» WHAT IS BEING ASKED: Below is a listing to copy exactly; no image goes into the copy.

» INPUT DATA:
──────────────────────────────

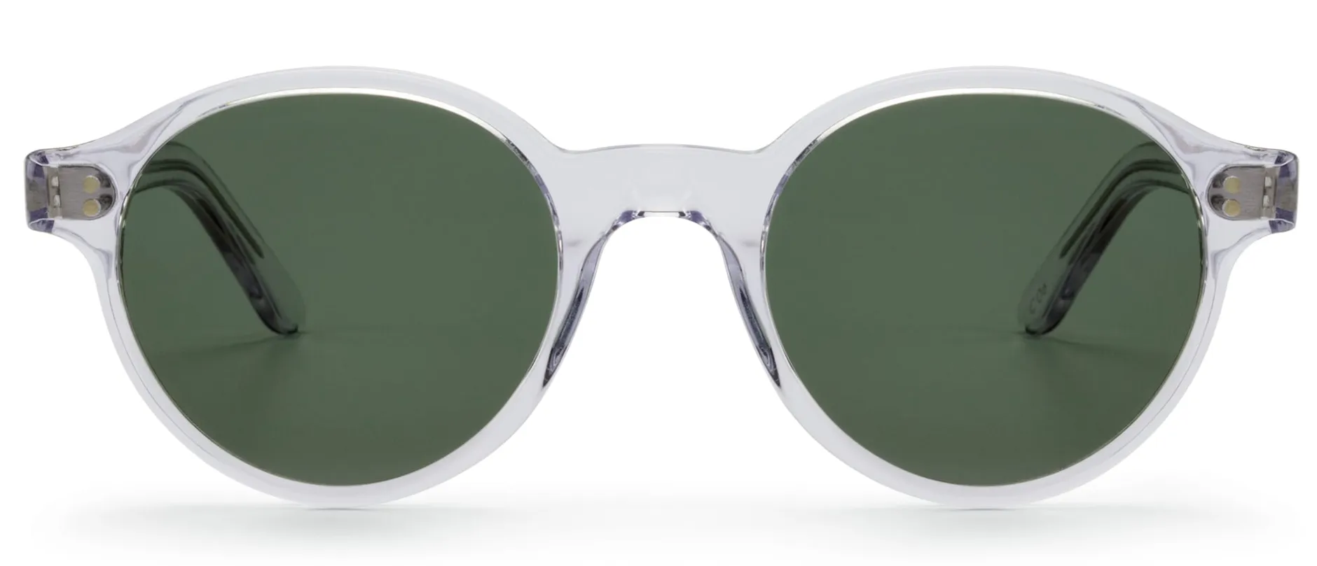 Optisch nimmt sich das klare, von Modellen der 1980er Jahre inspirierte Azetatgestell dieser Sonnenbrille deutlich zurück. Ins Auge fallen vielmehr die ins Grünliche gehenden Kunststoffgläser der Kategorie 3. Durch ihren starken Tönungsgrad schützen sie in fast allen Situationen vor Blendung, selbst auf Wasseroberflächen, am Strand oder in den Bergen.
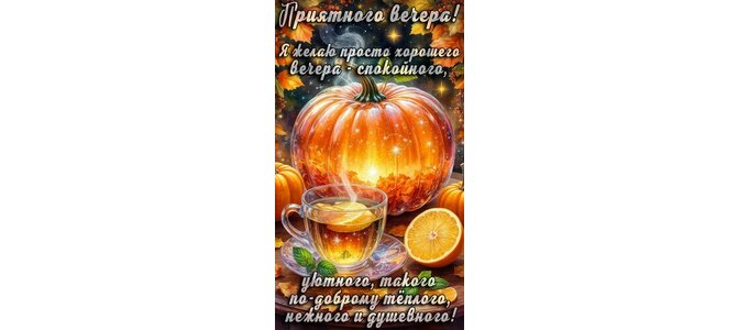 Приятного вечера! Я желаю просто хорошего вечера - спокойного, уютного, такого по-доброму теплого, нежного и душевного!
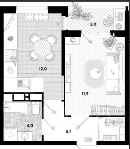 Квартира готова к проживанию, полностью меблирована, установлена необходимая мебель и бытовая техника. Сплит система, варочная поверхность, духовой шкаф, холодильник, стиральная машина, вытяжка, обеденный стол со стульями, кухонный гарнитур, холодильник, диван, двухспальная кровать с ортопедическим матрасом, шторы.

──────────────────────────────

» TASK SOLUTION:
 Optisch nimmt sich das klare, von Modellen der 1980er Jahre inspirierte Azetatgestell dieser Sonnenbrille deutlich zurück. Ins Auge fallen vielmehr die ins Grünliche gehenden Kunststoffgläser der Kategorie 3. Durch ihren starken Tönungsgrad schützen sie in fast allen Situationen vor Blendung, selbst auf Wasseroberflächen, am Strand oder in den Bergen.
 Приятного вечера! Я желаю просто хорошего вечера - спокойного, уютного, такого по-доброму теплого, нежного и душевного!
 Квартира готова к проживанию, полностью меблирована, установлена необходимая мебель и бытовая техника. Сплит система, варочная поверхность, духовой шкаф, холодильник, стиральная машина, вытяжка, обеденный стол со стульями, кухонный гарнитур, холодильник, диван, двухспальная кровать с ортопедическим матрасом, шторы.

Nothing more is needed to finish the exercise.